Firstly, I'd like to appreciate the level of detail of the analysis. I
may disagree with some of the conclusions, but I wish all my patch
submissions were of such high quality.

Regarding the patch itself, I think there's a few different points
raised, so let me discuss them one by one:

1) NULLs vs. MCV threshold
--------------------------

I agree that this seems like a bug, and that we should really compute
the threshold only using non-NULL values.

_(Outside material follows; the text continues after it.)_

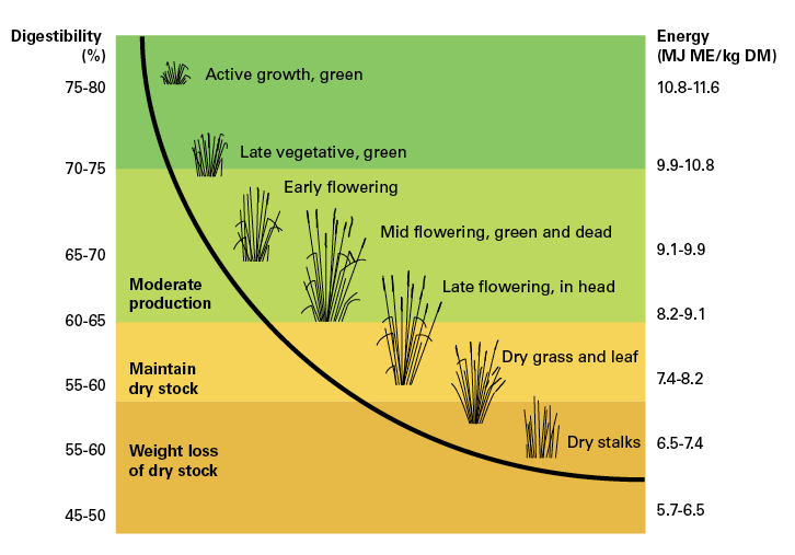 The figure below illustrates the relationship between feed quality, (digestibility and energy) and the capacity of pasture to sustain various production levels in grazing stock as the plants mature. It shows that as a plant matures, the digestibility and metabolisable energy decrease.

I think the analysis rather
conclusively proves this, and I also think there are places where we do
the same mistake (more on that at the end of the review).

2) mincount = 1.25 * avgcount
-----------------------------

While I share the dislike of arbitrary constants (like the 1.25 here), I
do think we better keep this, otherwise we can just get rid of the
mincount entirely I think - the most frequent value will always be above
the (remaining) average count, making the threshold pointless.

It might have impact in the original code, but in the new one it's quite
useless (see the next point), unless I'm missing some detail.

3) modifying avgcount threshold inside the loop
-----------------------------------------------

The comment was extended with this statement:

* We also decrease ndistinct in the process such that going forward
* it refers to the number of distinct values left for the histogram.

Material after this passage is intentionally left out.